For many businesses, the question of owning their premises versus renting is not new since property for many is seen as both an asset and expense.
According to Jorge da Costa, chief executive officer of Improvon, factors for specific companies need to include plans for growth as well as the current and foreseeable economic climate, which influences the decision-making process.
The expenses involved in industrial and commercial property development indicate that buying or leasing can be costly.
Da Costa explains that property is seen as an asset, but can also be viewed as a massive expense.
Thus property decisions should never be made without comprehensive insight into your company’s future.
In the current economic cycle, companies are watching their finances closely and credit is tight.
A business may need anything up to half of the purchase price as a deposit and in the commercial and industrial property industry this could amount to millions of rands, he says.
South Africa’s current economic climate is creating an impact on the commercial and industrial property industry as people are buying due to lower interest rates.
This might prove short-sighted as in two to three years, when the economy begins to recover, interest rates will rise and businesses that are tied to bonds are more likely to find themselves in a cash squeeze and could be forced to sell.
He says a good way to decide on buying versus renting is to compare the returns that property offers the company versus regular operating yields.
“The bench-mark number for industrial property is around a 15 to 18 percent return.”
If the business's internal rate of return is higher than that return from a property, the business should rent and not buy.
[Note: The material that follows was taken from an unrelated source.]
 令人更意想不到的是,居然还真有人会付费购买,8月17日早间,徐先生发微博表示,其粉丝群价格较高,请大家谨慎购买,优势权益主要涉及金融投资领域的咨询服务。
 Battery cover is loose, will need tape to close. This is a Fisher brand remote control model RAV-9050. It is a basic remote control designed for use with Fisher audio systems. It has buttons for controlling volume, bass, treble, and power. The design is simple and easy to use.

The flexibility of renting is another key advantage for businesses.
Owning a property makes it difficult for a company to relocate to new premises as their needs change.
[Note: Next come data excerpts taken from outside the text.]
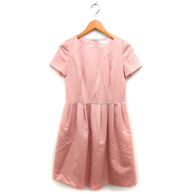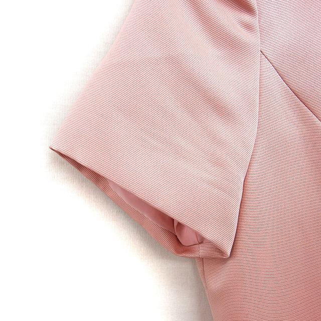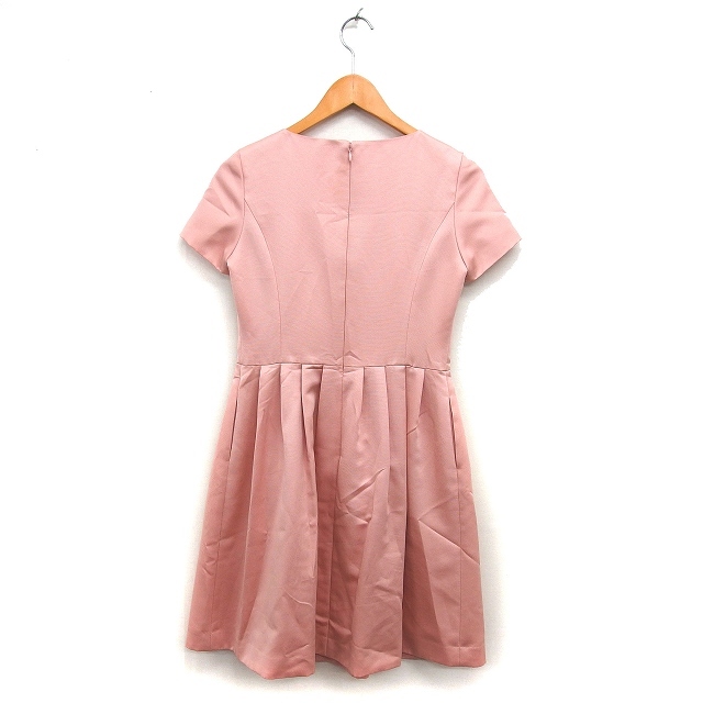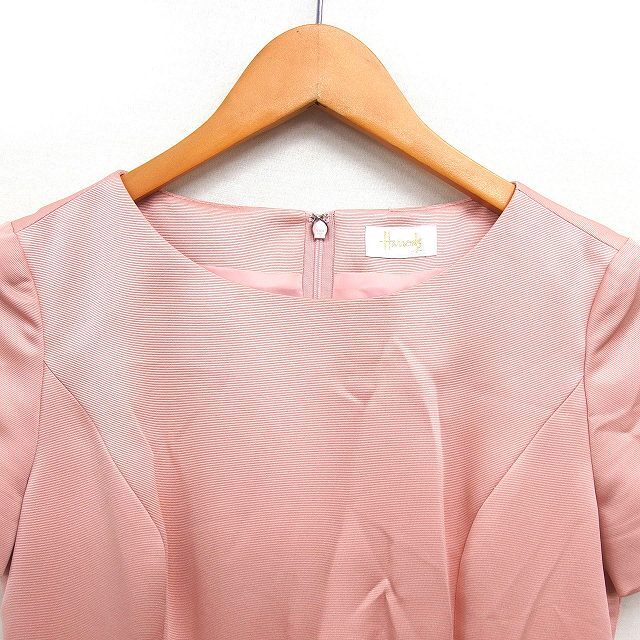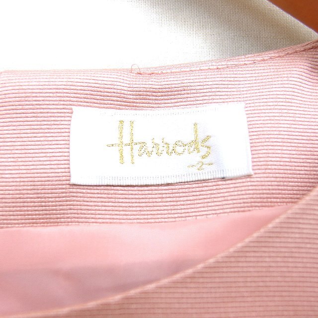 ハロッズ Harrods タック フレア ワンピース ひざ丈 ボートネック バックジップ 半袖 2 コーラルピンク /NT22 レディース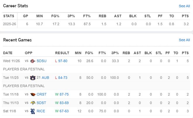 林葳前6场比赛都出战了,场均10.7分钟,拿到3.2分1.2助攻1.5篮板0.8失误0抢断0盖帽,命中率17.2%,三分命中率13.3%。不得不说这个表现跟他在CBA有着天壤之别,合计就是6场比赛29中7,三分15中2,Dana Altman弃用他没有一点问题,如此糟糕的表现继续用不是对队内其他努力的球员失公允吗?
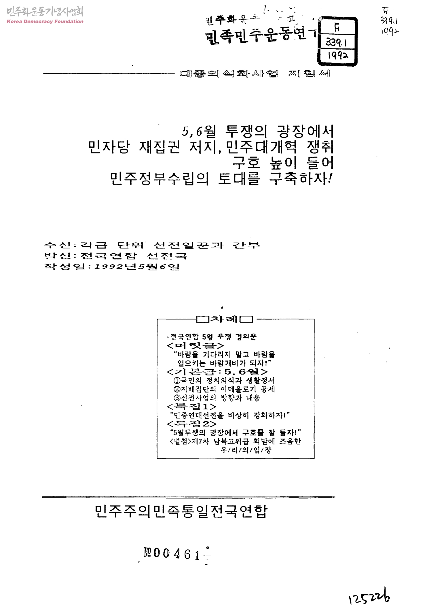대중의식화사업 지침서-5, 6월 투쟁의 광장에서 민자당 재집권 저지, 민주대개혁 쟁취 구호 높이 들어 민주정부수립의 토대를 구축하자[수신:각급 단위 선전일꾼과 간부, 발신:전국연합 선전국]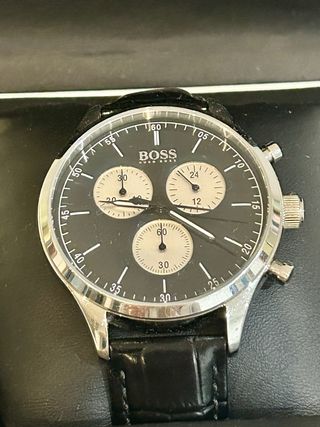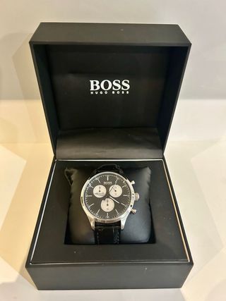 producto original. con pila. Elegante reloj BOSS para hombre con diseño cronógrafo. - Esfera negra con detalles plateados. - Correa de piel negra. - Caja de acero inoxidable plateada.

Facilitating the buying and selling of property can result in a substantial amount of time and costs that companies should take into consideration.
In contrast, tenants can determine the length of their lease agreements and once the lease expires, the business can review its future needs.
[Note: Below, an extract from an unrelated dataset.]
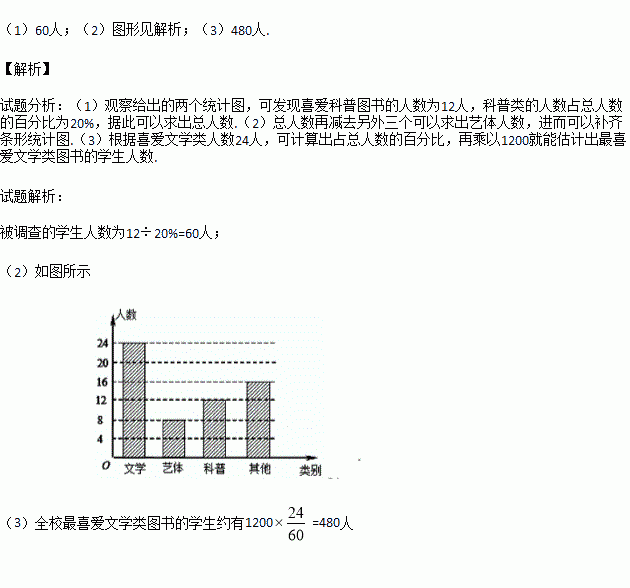 (3)若该校有1200名学生,试估计全校最喜爱文学类图书的学生人数.

If the business has grown rapidly and needs to find bigger premises or to downscale, they are able to move on without having to go through the time consuming and costly process of selling.
Another advantage of renting is that the maintenance and management of the property is handled by an external property manager and property owner.
The money saved on these property costs can be used to invest in and add value to your business in other areas.
The decision to buy or rent is a highly individual one, based on a company’s specific needs, he says.
Da Costa notes that any long-term agreement can be designed to include a rental and deposit payment plan that results in the tenant owning the premises at lease end.
Companies should make sure they take all the above factors into consideration before making a decision that could potentially affect the success of their business, he adds.